2. MATERIALS AND METHODS

2.1. Materials

Butylated hydroxytoluene (BHT), malondialdehyde (MDA), and Tween 80 were obtained from Sigma‐Aldrich Chemie. Analytical‐grade methanol, ethanol, chloroform, butanol, hexane–isopropanol, ammonium thiocyanate, iron chloride (II) and (III), potassium hydroxide, phenolphthalein, disodium hydrogen phosphate (Na2HPO4), sodium dihydrogen phosphate (NaH2PO4), thiobarbituric acid (TBA), and 1,1,3,3‐tetraethoxypropane (TEP) were procured from Merck.

2.2. Preparation of SFE

Sumac fruits were purchased from the local markets in Hamadan. After grinding the samples in the grinder (Hardstone, United Kingdom), mixed aqueous ethanol (70%) solvent with the ratio of 1:10 was obtained and then extracted by immersion (I‐SFE), ultrasound (U‐SFE), and microwave (M‐SFE) methods. In the immersion procedure, the samples were shaken in 250 rpm (revolutions per minute) for 24 hr. An ultrasound apparatus (FAPAN, Tehran, Iran) was used in the ultrasound method with the frequency of 20 kHz, the power of 50, and the temperature of 25°C for 30 min.
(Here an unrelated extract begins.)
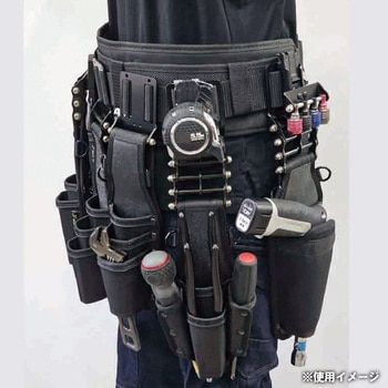 脱着式コンベックスホルダーに対応。現場に応じて腰道具が簡単に変更が可能。室内工事~屋外工事までベルト数セット持っていたものが1本で完結。自分好みの腰道具が使えます。腰道具の交換時期も腰道具を買うだけで入れ替えて使用可能。付属のスペーサー使用でビットホルダーを組んでも動きにくい。

In the microwave‐assisted extraction, the samples were extracted in a microwave oven (SolarDOM, LG, Seoul, Korea) with the frequency of 2450 MHz for 30 min. Next, the obtained solutions were filtered and concentrated by a rotary evaporator apparatus (Lab Tech) at 40ºC. Then, the remaining solvent was removed by vacuum oven at 50°C. After drying, the extracts were stored at −18ºC for subsequent uses (Albu et al., 2004; Barkhordari & Bazargani‐Gilani, 2021; Pan et al., 2008).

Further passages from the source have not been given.